[Dataset entries]
Segment Open

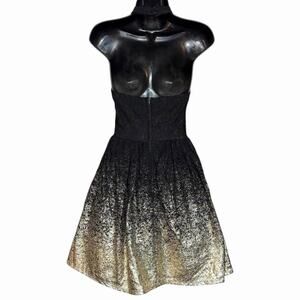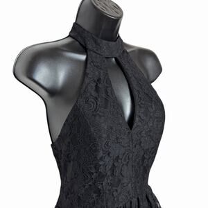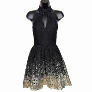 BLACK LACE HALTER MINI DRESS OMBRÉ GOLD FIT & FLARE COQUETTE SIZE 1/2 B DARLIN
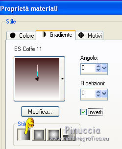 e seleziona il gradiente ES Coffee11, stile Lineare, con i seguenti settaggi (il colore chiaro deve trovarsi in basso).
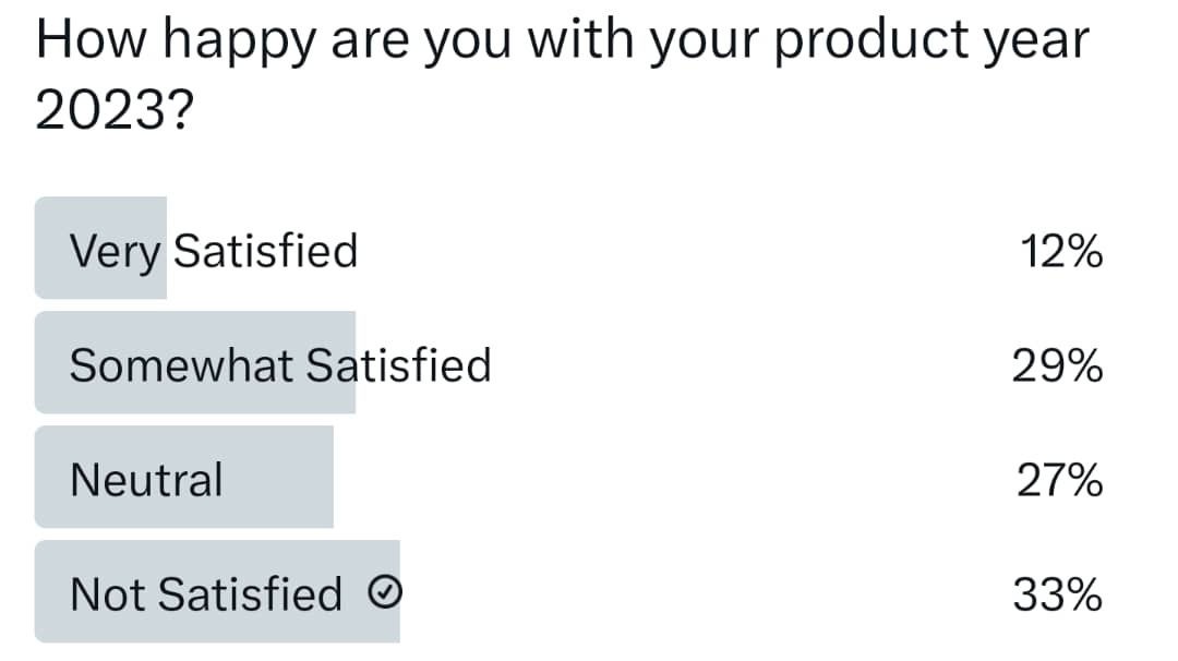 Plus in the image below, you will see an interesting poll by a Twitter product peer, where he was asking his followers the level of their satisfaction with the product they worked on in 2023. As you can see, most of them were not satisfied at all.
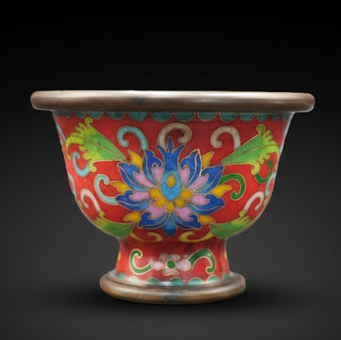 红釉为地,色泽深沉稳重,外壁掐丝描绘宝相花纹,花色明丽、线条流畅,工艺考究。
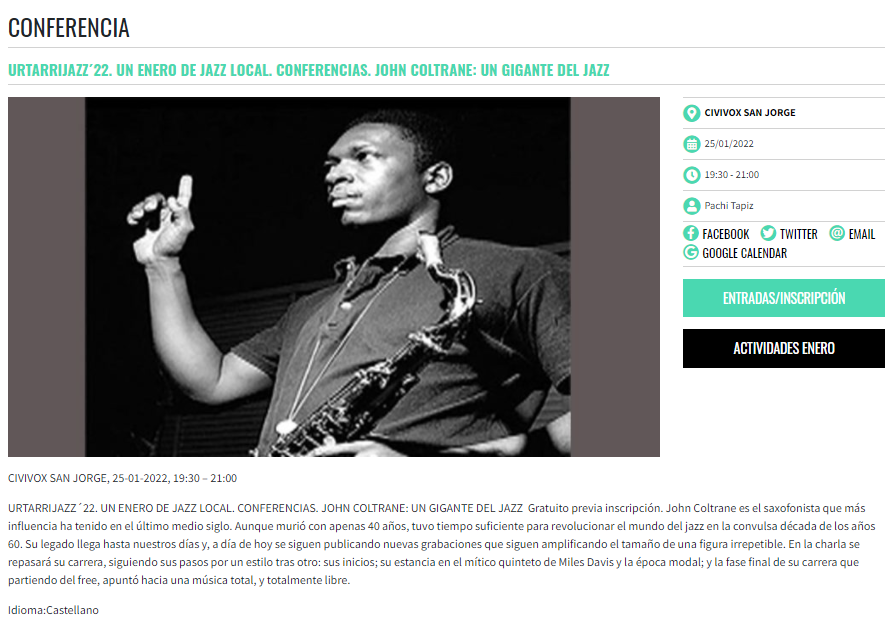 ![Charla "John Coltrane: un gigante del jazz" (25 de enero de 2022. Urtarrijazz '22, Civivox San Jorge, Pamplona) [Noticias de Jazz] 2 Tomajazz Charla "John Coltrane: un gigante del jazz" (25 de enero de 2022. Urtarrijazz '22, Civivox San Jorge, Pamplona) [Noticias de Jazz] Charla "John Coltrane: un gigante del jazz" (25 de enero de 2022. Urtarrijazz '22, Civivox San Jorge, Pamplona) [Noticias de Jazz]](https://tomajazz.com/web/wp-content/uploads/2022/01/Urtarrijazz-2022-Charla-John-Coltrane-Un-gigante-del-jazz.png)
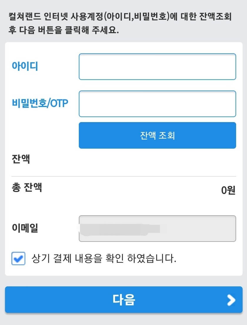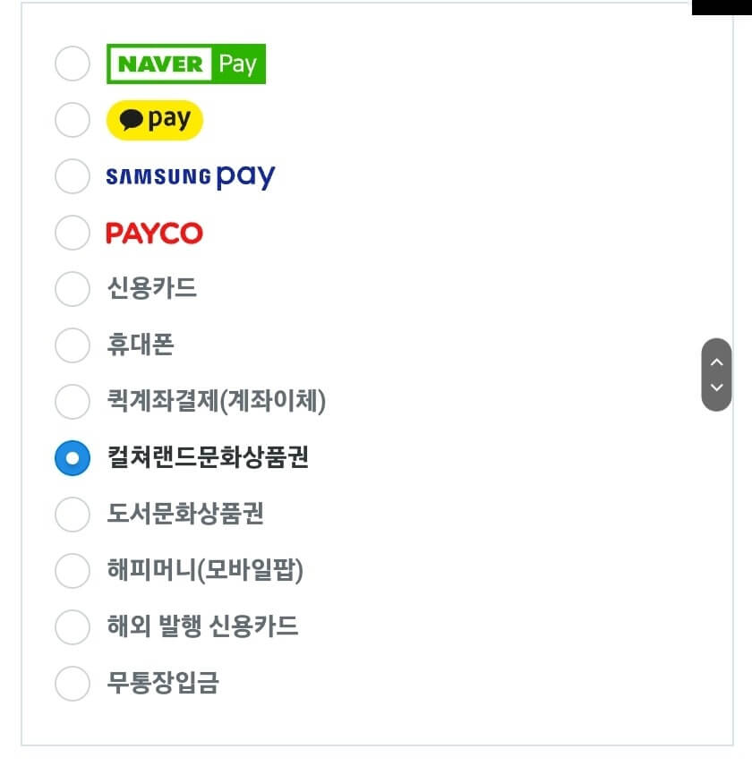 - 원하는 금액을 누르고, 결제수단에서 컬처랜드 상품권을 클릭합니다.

Segment Closed

- **DIRECTIONS FOR THIS TASK**
Pictures are to be left out; otherwise, retype exactly the lines from the first line of the data through the line containing "红釉为地,色泽深沉稳重,外壁掐丝描绘宝相花纹,花色明丽、线条流畅,工艺考究。".

- **SOLVED PROBLEM**
 BLACK LACE HALTER MINI DRESS OMBRÉ GOLD FIT & FLARE COQUETTE SIZE 1/2 B DARLIN
 e seleziona il gradiente ES Coffee11, stile Lineare, con i seguenti settaggi (il colore chiaro deve trovarsi in basso).
 Plus in the image below, you will see an interesting poll by a Twitter product peer, where he was asking his followers the level of their satisfaction with the product they worked on in 2023. As you can see, most of them were not satisfied at all.
 红釉为地,色泽深沉稳重,外壁掐丝描绘宝相花纹,花色明丽、线条流畅,工艺考究。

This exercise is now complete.